Action item. What is needed here is an exact printout of the data, with no pictures included.

Given information.
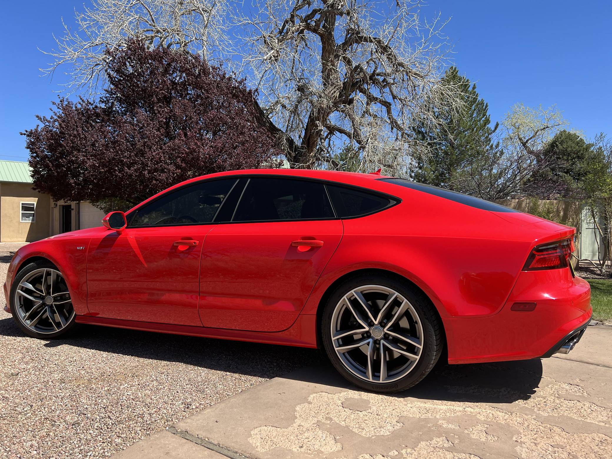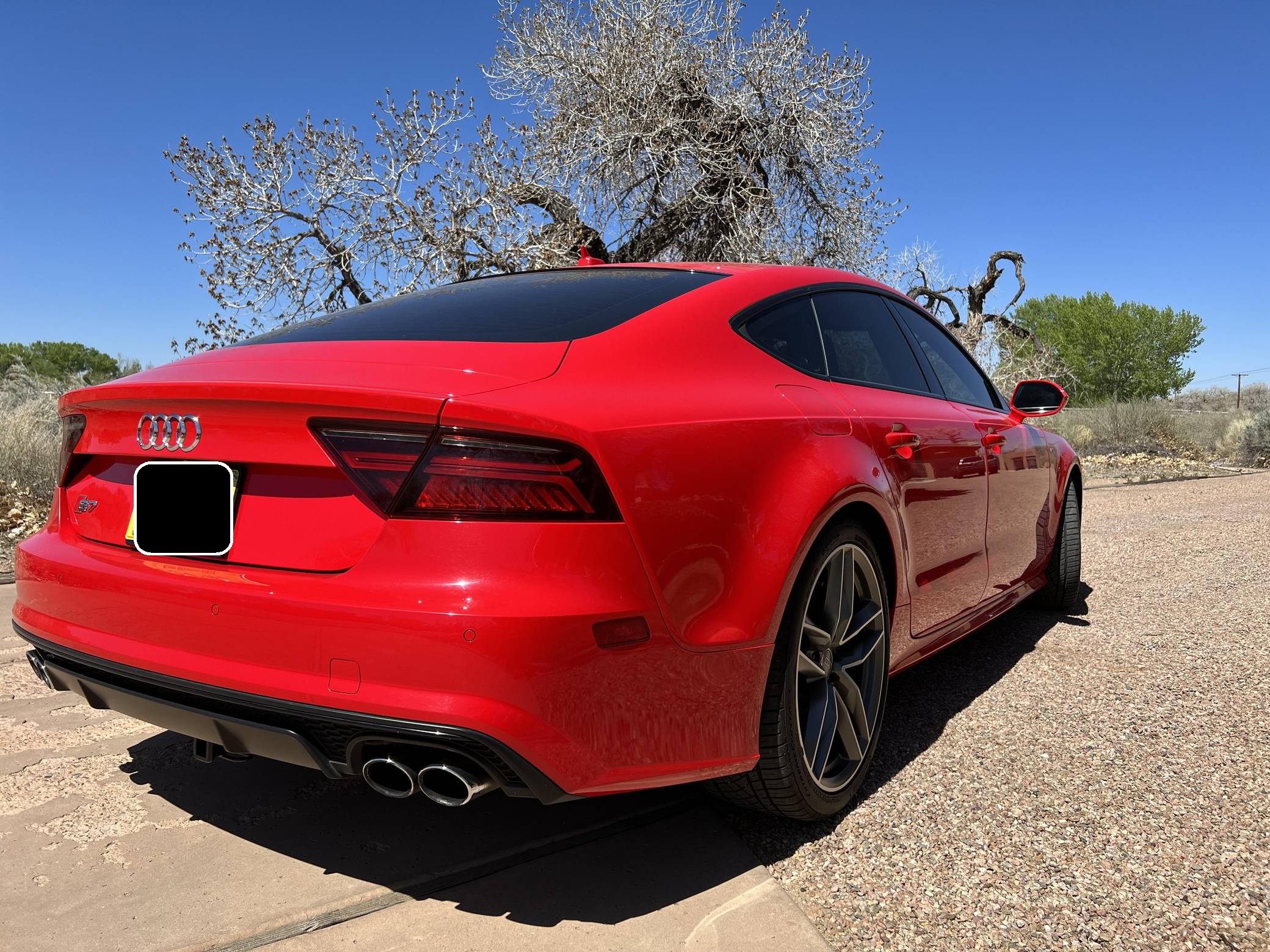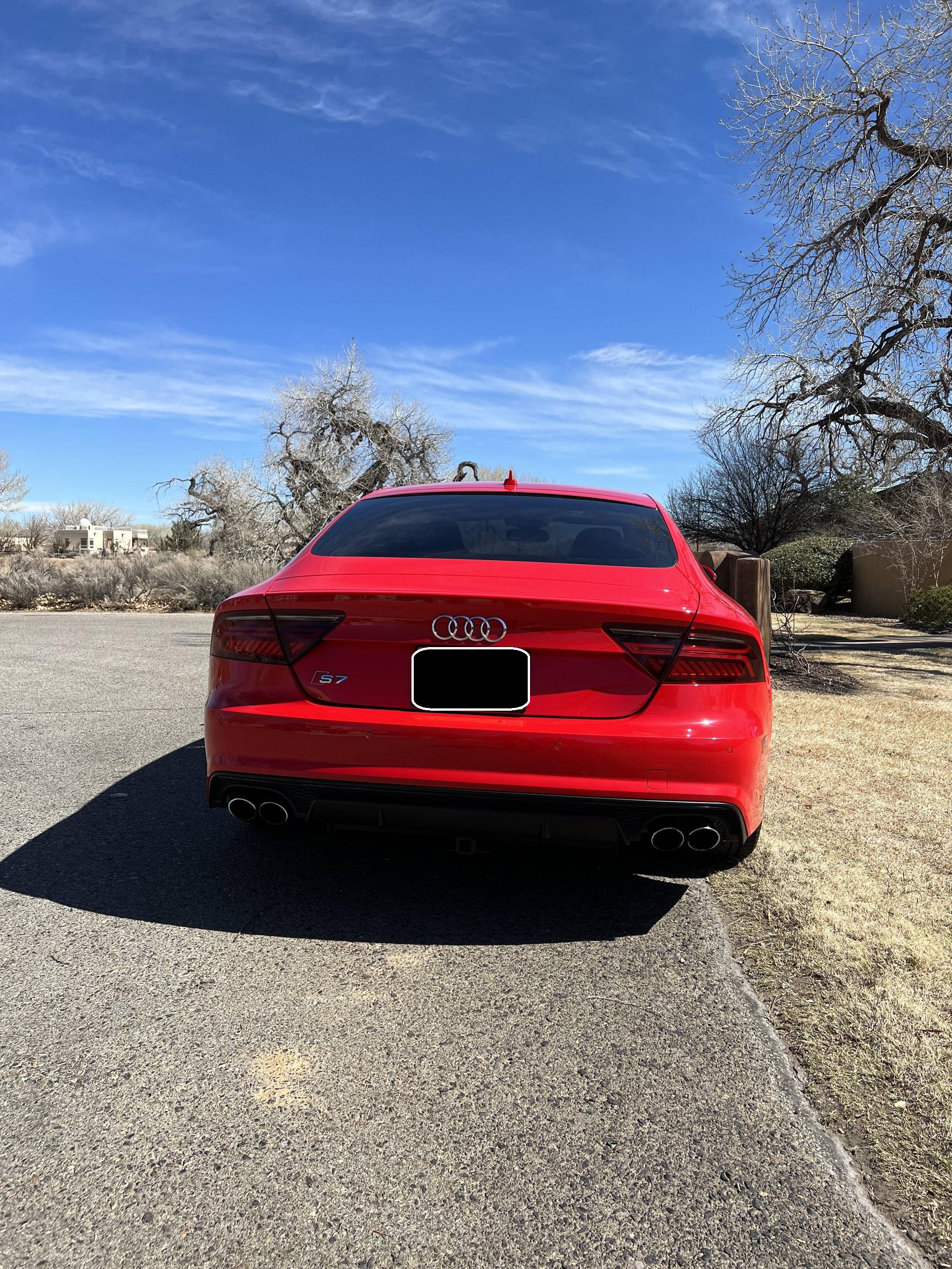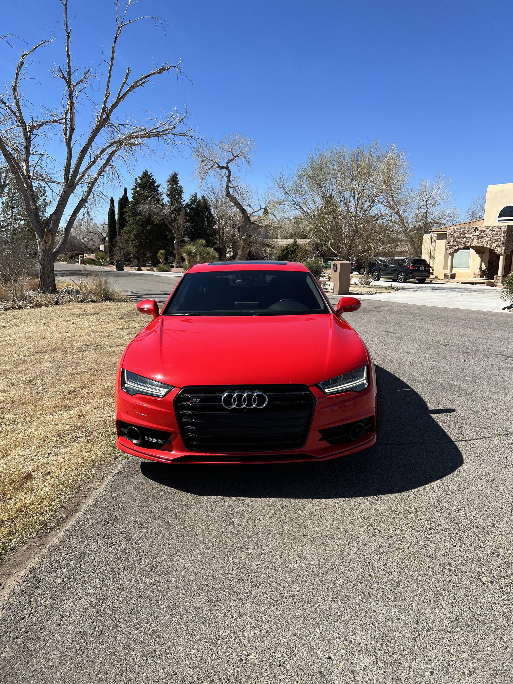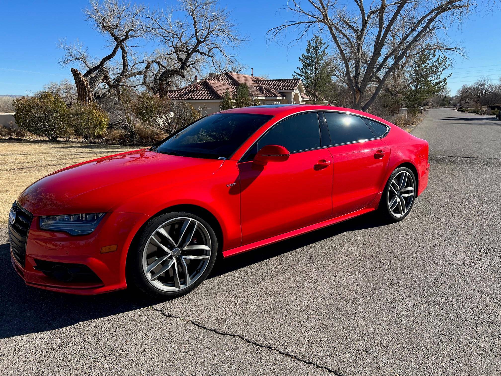 2017 Audi S7, finished in Misano Red Pearl Effect with a black interior. Factory equipment includes the Black Optic Package, the Cold Weather Package, the Driver Assistance Package, full LED headlights, a power sunroof, an active rear spoiler, Valcona leather upholstery, Carbon Atlas decorative inlays, power-adjustable and heated front sport seats with driver memory, a black Alcantara headliner, a Bose surround-sound system, Audi navigation plus with MMI touch, a power liftgate, and more as detailed below. Modifications reported by the seller are limited to a class 1 trailer hitch with a 1. 25-inch receiver and tinted windows. Audi launched the first-generation A7 for the 2012 model year as its style icon, and it expanded the range with the V8-powered S7 for 2013. Both were related to the A6 under the sheet metal, but they stood out with a gorgeous design and surprising practicality thanks to a large hatch. An update for the 2016 model year brought revised sheet metal and a significant bump in power, making the S7 quicker and more luxurious than before. Power comes from a 4. 0-liter turbocharged V8 engine, rated at 450 horsepower and 406 lb-ft of torque. Output is sent to all four wheels via a 7-speed automatic transmission and Audi's Quattro all-wheel-drive system.
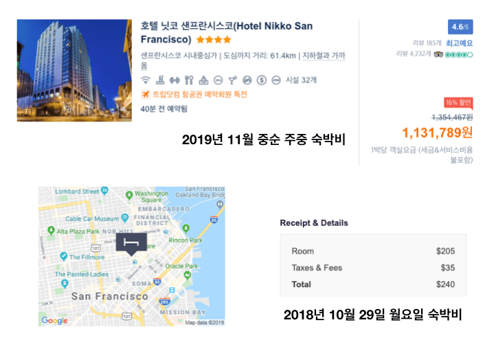 일년전 호텔투나잇으로 1박에 205불(세금제외)를 주고 묵었던 샌프란시스코 닛코 호텔을 지금 검색해보니 1백에 거의 1천불이다. 4~5배 오른 것이다. 여기서 5박을 하면 약 700만원을 내야한다. 5성이 아니라 4성호텔의 일반 객실이다. 이처럼 주중에는 말도 안되는 호텔 가격이 나온다.
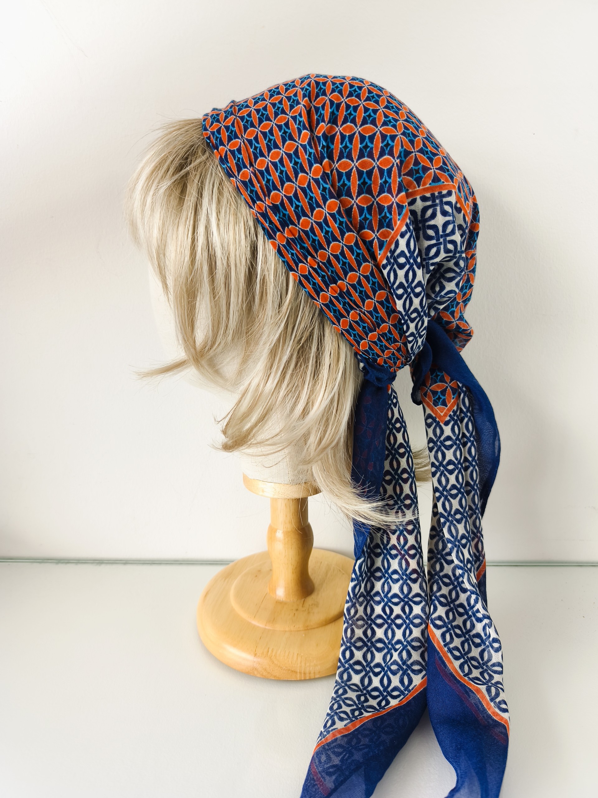 sur la tete en fleur (devant) ou sur la tete en corsaire (derrière) ou en crop top en mettant le bandeau autour du cou et en nouant le foulard dans le dos

Expected output.
 2017 Audi S7, finished in Misano Red Pearl Effect with a black interior. Factory equipment includes the Black Optic Package, the Cold Weather Package, the Driver Assistance Package, full LED headlights, a power sunroof, an active rear spoiler, Valcona leather upholstery, Carbon Atlas decorative inlays, power-adjustable and heated front sport seats with driver memory, a black Alcantara headliner, a Bose surround-sound system, Audi navigation plus with MMI touch, a power liftgate, and more as detailed below. Modifications reported by the seller are limited to a class 1 trailer hitch with a 1. 25-inch receiver and tinted windows. Audi launched the first-generation A7 for the 2012 model year as its style icon, and it expanded the range with the V8-powered S7 for 2013. Both were related to the A6 under the sheet metal, but they stood out with a gorgeous design and surprising practicality thanks to a large hatch. An update for the 2016 model year brought revised sheet metal and a significant bump in power, making the S7 quicker and more luxurious than before. Power comes from a 4. 0-liter turbocharged V8 engine, rated at 450 horsepower and 406 lb-ft of torque. Output is sent to all four wheels via a 7-speed automatic transmission and Audi's Quattro all-wheel-drive system.
 일년전 호텔투나잇으로 1박에 205불(세금제외)를 주고 묵었던 샌프란시스코 닛코 호텔을 지금 검색해보니 1백에 거의 1천불이다. 4~5배 오른 것이다. 여기서 5박을 하면 약 700만원을 내야한다. 5성이 아니라 4성호텔의 일반 객실이다. 이처럼 주중에는 말도 안되는 호텔 가격이 나온다.
 sur la tete en fleur (devant) ou sur la tete en corsaire (derrière) ou en crop top en mettant le bandeau autour du cou et en nouant le foulard dans le dos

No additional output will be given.